Еще сложнее оказалось со стаей. Здесь просто категорическое «нет». Без сомнений, колебаний, без вежливых улыбок и извинений. Просто нет и все.

И если рядом со мной ее хоть как-то удерживала наша связь, то к стае никакой привязанности не было. Татьяна их вычеркнула из своей жизни и не собиралась делать шаги навстречу. Просто потому, что не нужно ей это. Все они ей не нужны. Поначалу я думал, что это можно как-то перебороть, ведь раньше у нее были неплохие отношения со всеми. Наивный.

Пригласил сестру к нам, с Алисой.
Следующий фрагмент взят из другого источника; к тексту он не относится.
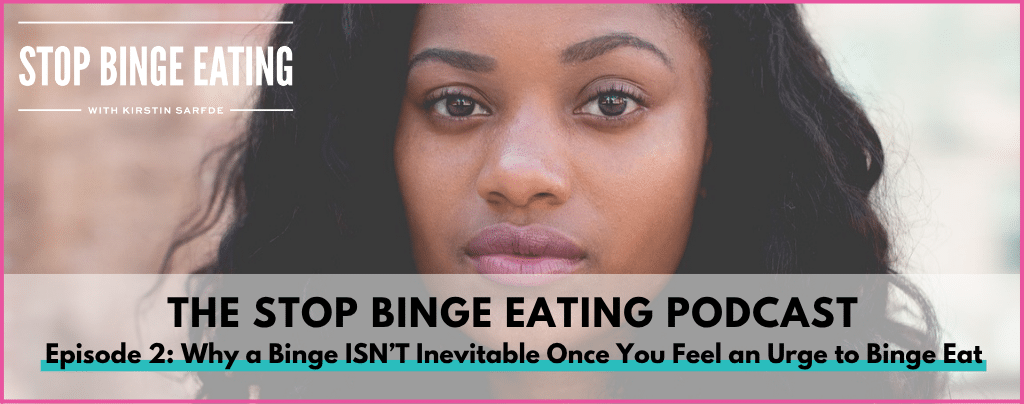 In order to stop feeling the urges to binge, you have to stop doing what is causing you to feel the urges, which is either being overly restrictive with your food or using food to control or escape your emotions, and I went into more detail about those two things in episode one and will be going into even more detail in future episodes of this podcast. So, you’re going to work on those two things in order to stop feeling urges to binge, which is absolutely possible for you.
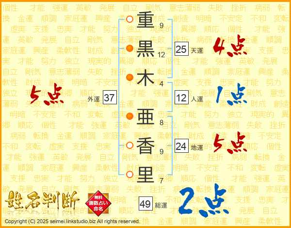 重黒木亜香里さんの総運は49画の2点!
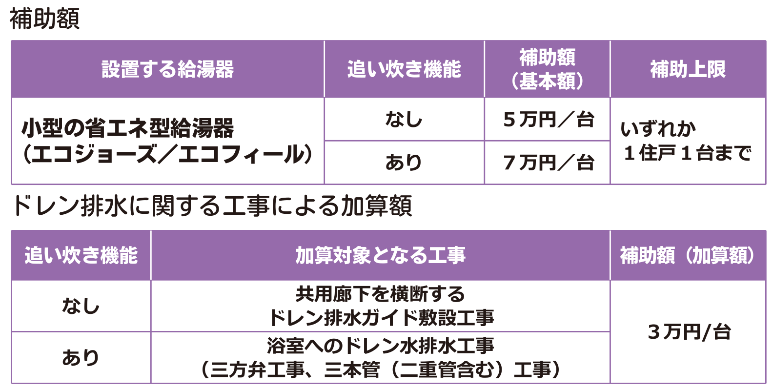 賃貸集合給湯省エネ2026事業では、1棟に2戸以上の賃貸住戸を有し、建築から1年以上が経過している既存賃貸集合住宅を対象に、従来型給湯器を小型の省エネ型給湯器へ交換するリフォーム工事またはリース利用に支援がなされます。補助額は、性能要件を満たした給湯器のうち、追い炊き機能の有無により基本額が定められています。また、導入と併せて実施したドレン排水に関する工事の内容に応じて額が加算されます。

Девчонки пришли в наш дом как две тени, присмиревшие, с поджатыми хвостами, преисполненные сожаления. Они хотели помириться, наладить отношение. А Таня…она даже не вышла из своей комнаты. Едва узнав, что они пришли, закрылась, заперлась и никак не реагировала на просьбы спуститься к гостям.

Хотелось бы мне сказать, что моя пара страдала ерундой, что это детское поведение, недостойное взрослой женщины, но не мог. Потому что во всех ее действиях не было наигранности, показухи, только искреннее желание чтобы ее оставили в покое. И пробить эту стену отчуждения еще сложнее, чем ту, что стояла между нами.

Девчонки были расстроены. Алиса молча шмыгала носом, рассматривая свои дрожащие руки, а Наташка разревелась, как соплячка мелкая. Рассказала о том разговоре, что состоялся у нее с Таней накануне катастрофы. Оказывается, именно ее слова стали катализатором, финальным толчком к тому, чтобы Таня ушла. Пи**ц! Едва не прибил ее. Если бы мелкая тогда не влезла, может и Таня не ушла, может и меня, м*дака лохматого, не накрыло бы.

Хотя…Все это ерунда. Никто не виноват в том, что случилось в лесу. Только я.

В общем сестра с подругой ушли ни с чем: несчастные, пристыженные, и на этом я оставил попытки их помирить. Сначала нам с Таней во всем разобраться надо, а потом уж роль миротворца буду играть.

И с Кириллом я не собирался ее мирить, не до этого пока было. Однако его присутствие в доме все же необходимо. Мне нужны отчеты по последним сделкам, а выходить из дома, оставлять ее одну, я боялся, поэтому позвал Нечаева к себе. С самого утра, надеясь сделать все дела, до того момента, как Таня спустится. Не хотелось ее нервировать.

Кирилл пришел в шесть утра, минута в минуту, сама пунктуальность, с огромной папкой, битком набитой бумагами.

Я запустил его в дом, мы обменялись рукопожатиями и отправились на кузню.

— Как у вас дела? — спросил он шепотом, указав взглядом на второй этаж, имея ввиду Татьяну.

Вместо ответа показал крест руками и, не скрывая горечи, покачал головой. Никак. Наши дела никак.

Он все понял, кивнул, и больше не затрагивал эту тему.

* * *

Таня

Сегодня, впервые за последние дни, я ощутила что-то весьма похожее на голод. С самого утра, едва проснувшись, мне захотелось кофе и мягкого белого хлеба с маслом. Даже слюни потекли, стоило только представить белый ароматный ломоть с хрустящей корочкой.